### PROVIDED DATA
───

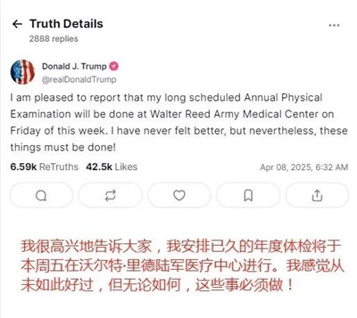 当地时间4月11日,忙得不可开交的特朗普接受了年度体验,这是他第二个总统任期内的首次体检。
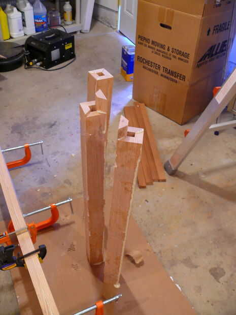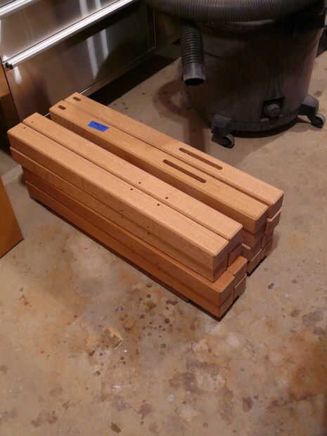 Tenía algo así como 54 mortajas para cortar, así que subió con un simple "jig" que consistía en unos bloques de madera atornillado a mi banco de trabajo (ver imágenes). Dos cuadras encuentra la posición de la pierna, y luego dos cuadras de parada se sujetaron en el lugar para controlar la longitud del corte. Trabajando de esta manera, no pasó mucho tiempo para exacto cortar 54 mortajas todos.
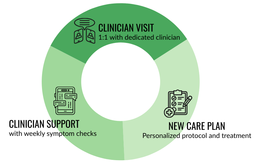 After the completion of the Gut Assessment, care often transitions into a Reversal Plan – a dynamic care model built to implement and support the initial Care Plan, and to systematically refine and generate new Care Plans over time. We view care in “cycles” with each cycle typically lasting 1-2 months and consisting of a clinician visit, new Care Plan, and clinician-guided support + adjustment to that care plan between visits.
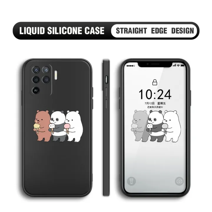 Jizetin for OPPO F19 Pro / A94 / Reno 5F / Reno 5 Lite Back Cover Cute Bare Bears and Cone Multicolor Liquid Silicone Phone Case Soft Square Lens Protection Phone Cases
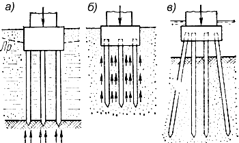 Сваи значительно хуже сопротивляются действию горизонтальных сил, чем вертикальных, поэтому при передаче фундаменту больших горизонтальных усилий часть свай нужно забивать наклонно с тем, чтобы их направление было ближе к направлению равнодействующих усилий, передаваемых фундаменту (см. рис.7, в).
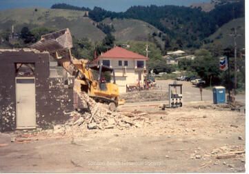 A color photographic print of the Stinson Beach Chevron Gas Station being demolished. KN Corp. who did not have the proper permit started the demolition of the whole building when the corner of roof was inadvertently torn by the bulldozer which was working on the replacement of pumps. Ensuing controversy ended town with no gasoline station. The site was reconvened to Proctor Jones' Snug Nugget Partnership which eventually bought by well to do citizens of Stinson Beach and donated to the town as Village Green II (Completed on Nov.2003) site.Collection
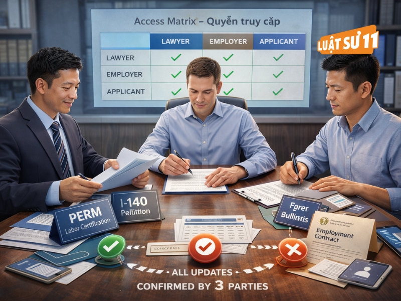 Trong toàn bộ vòng đời hồ sơ, mỗi quyết định tài chính hay thay đổi dữ liệu quan trọng đều cần biên bản hoặc email xác nhận 3 bên để tránh hiểu nhầm. Luật sư 11 luôn khuyến nghị bảng quyền truy cập (access matrix) nêu rõ ai được xem – ai được sửa – ai phê duyệt, giúp dập tắt xung đột lợi ích ngay từ đầu và củng cố tính minh bạch.
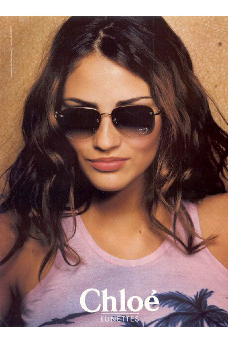 A pair of Chloé by Stella McCartney aviator style sunglasses with an ombré lens and a pink sparkling rhinestone heart detail on the left lens. The sunglasses were the IT fashion piece of 1999 and was created by Stella McCartney for the Blockbuster film Charlie's Angels starring Drew Barrymore, Cameron Diaz and Lucy Liu. As seen in the Chloé Spring / Summer 1999 ad campaign.
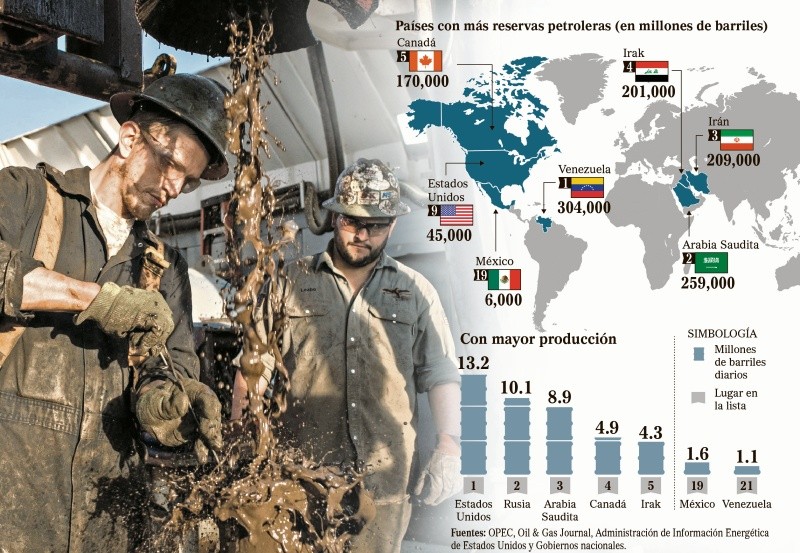 De acuerdo con el informe anual de la OPEP, Venezuela posee más de 303 billones de barriles de petróleo, seguida por Arabia Saudita con 267 billones. Sin embargo, el país sudamericano produce apenas 921 barriles diarios, comparado con los ocho mil 955 de Arabia Saudita.
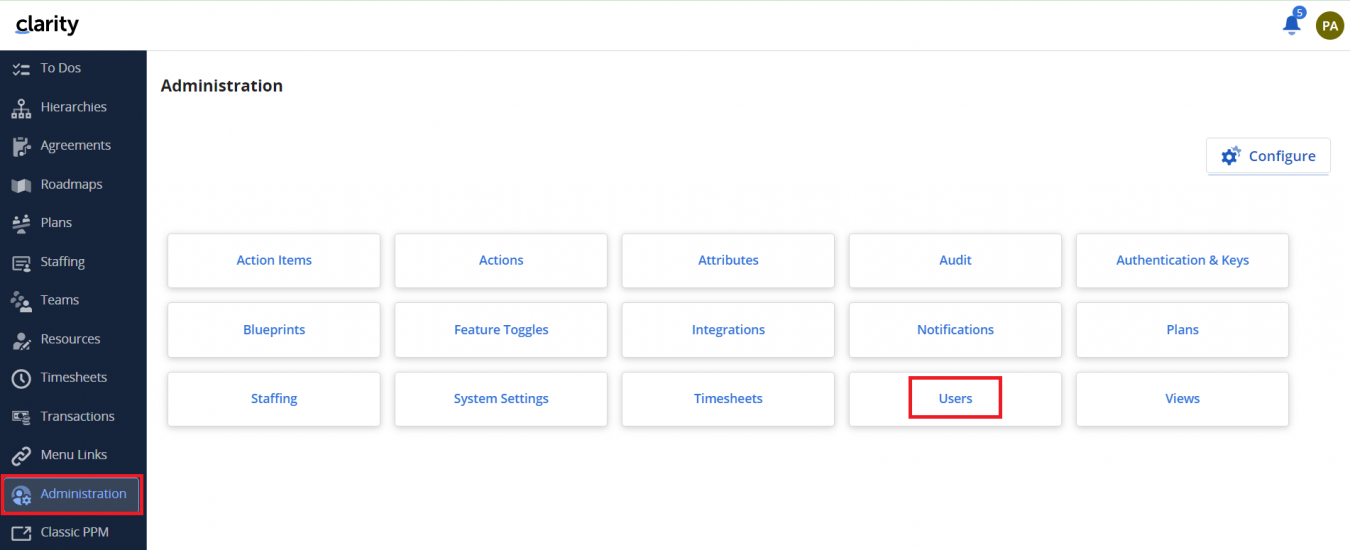 * Create a user in Clarity that is dedicated for <code class="expression">space.vars.SITENAME</code>. The user mustn't perform any other action from Clarity user interface. This user is referred as 'Integration User' in this documentation.

───

Beginning with the line that contains "A color photographic" and ending with the final line of the listing, return each line exactly. Omit all pictures.

### SOLUTION FOR THIS EXERCISE
 A color photographic print of the Stinson Beach Chevron Gas Station being demolished. KN Corp. who did not have the proper permit started the demolition of the whole building when the corner of roof was inadvertently torn by the bulldozer which was working on the replacement of pumps. Ensuing controversy ended town with no gasoline station. The site was reconvened to Proctor Jones' Snug Nugget Partnership which eventually bought by well to do citizens of Stinson Beach and donated to the town as Village Green II (Completed on Nov.2003) site.Collection
 Trong toàn bộ vòng đời hồ sơ, mỗi quyết định tài chính hay thay đổi dữ liệu quan trọng đều cần biên bản hoặc email xác nhận 3 bên để tránh hiểu nhầm. Luật sư 11 luôn khuyến nghị bảng quyền truy cập (access matrix) nêu rõ ai được xem – ai được sửa – ai phê duyệt, giúp dập tắt xung đột lợi ích ngay từ đầu và củng cố tính minh bạch.
 A pair of Chloé by Stella McCartney aviator style sunglasses with an ombré lens and a pink sparkling rhinestone heart detail on the left lens. The sunglasses were the IT fashion piece of 1999 and was created by Stella McCartney for the Blockbuster film Charlie's Angels starring Drew Barrymore, Cameron Diaz and Lucy Liu. As seen in the Chloé Spring / Summer 1999 ad campaign.
 De acuerdo con el informe anual de la OPEP, Venezuela posee más de 303 billones de barriles de petróleo, seguida por Arabia Saudita con 267 billones. Sin embargo, el país sudamericano produce apenas 921 barriles diarios, comparado con los ocho mil 955 de Arabia Saudita.
 * Create a user in Clarity that is dedicated for <code class="expression">space.vars.SITENAME</code>. The user mustn't perform any other action from Clarity user interface. This user is referred as 'Integration User' in this documentation.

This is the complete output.